Indeed, the Law of Large Numbers defends this approximation rather directly and readily: \frac{1}{n} \sum_{i = 1}^{n} y_i^a \longrightarrow_p \textbf{E}[Y^a].

But there is an important step that happened along the way here. By sequentially simulating random draws from the distribution of F_X(x) and F_{Y|X, A}(y|x, a) (keeping the pairs intact), we have simulated from the joint distribution of (X, Y^a). By ignoring X (the conceptual equivalent of marginalizing over it), our random draws y_1^a, y_2^a, \dots y_n^a form an approximation of the entire marginal distribution of Y^a. This is actually also seen by the Law of Large Numbers, since for each c \in \mathbb{R},

\frac{1}{n} \sum_{i = 1}^{n} \textbf{1}(y_i^a \leq c) \longrightarrow_p P(Y^a \leq c) = F_{Y^a}(c).

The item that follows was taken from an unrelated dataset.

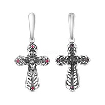 Крест религиозный из чернёного серебра с фианитами - Спаси и сохрани 3,6 см

Where am I going with this? If your models are correct and your causal assumptions are met, then your Monte-Carlo integration procedure has ostensibly succeeded in approximating the joint distribution of (X, Y^a), and thus, the marginal distribution of Y^a. So even though it may have been hard (or impossible in the world of observational-data-based causal inference) to sample from the marginal distribution of Y^a directly, this procedure gives you a way to analytically do so.

Therefore, even though we motivated the need for Monte-Carlo integration by asking the statistical deities for a path towards a marginal mean that was analytically intractable, why not keep in mind when defining future research objectives and identifying target parameters that this procedure gives us an approximation to the entire marginal distribution of Y^a, and in turn, basically anything–within reason–we could want to know about it? Why not target other characteristics, such as:

  • Its median?
  • Its 97.5th percentile?
  • The proportion above some relevant threshold, c?
  • P(Y^a > Y_0), where Y_0 is some reference distribution?
  • The mean-to-median ratio of the hyperbolic cosine of Y^a?

Okay, I got slightly carried away there, as one does from time to time. And of course, the choice of a mean is often well-motivated, so whether you’re interested in targeting a mean or some other parameter will depend upon the nature of what you’re doing…don’t forget to be smart about that! But I hope my point is clear: Though we often use standardization–and its longitudinal cousin, g-computation–to target means, the way we go about crafting a solution to the (sometimes) multi-dimensional and (almost assuredly) nausea-inducing integral opens up the door to much more than means. So if you want some parameter from a marginal distribution that is hard to sample from–whether for reasons related to causal inference or otherwise–keep Monte-Carlo integration somewhere in your toolbox.

To boot(strap), had you actually pulled out your calculus textbook and identified the correct permutation of integration techniques that would serve as the proverbial key to unlock the analytic solution to that integral you wanted, you’d have gotten your marginal mean and called it a day–namely, you’d never have taken that intermediate step of approximating an entire marginal distribution and you would have lost your shot at getting all those other things you may have wanted to know about Y^a. How exciting! So in short, Monte-Carlo means more! (That’s a pun).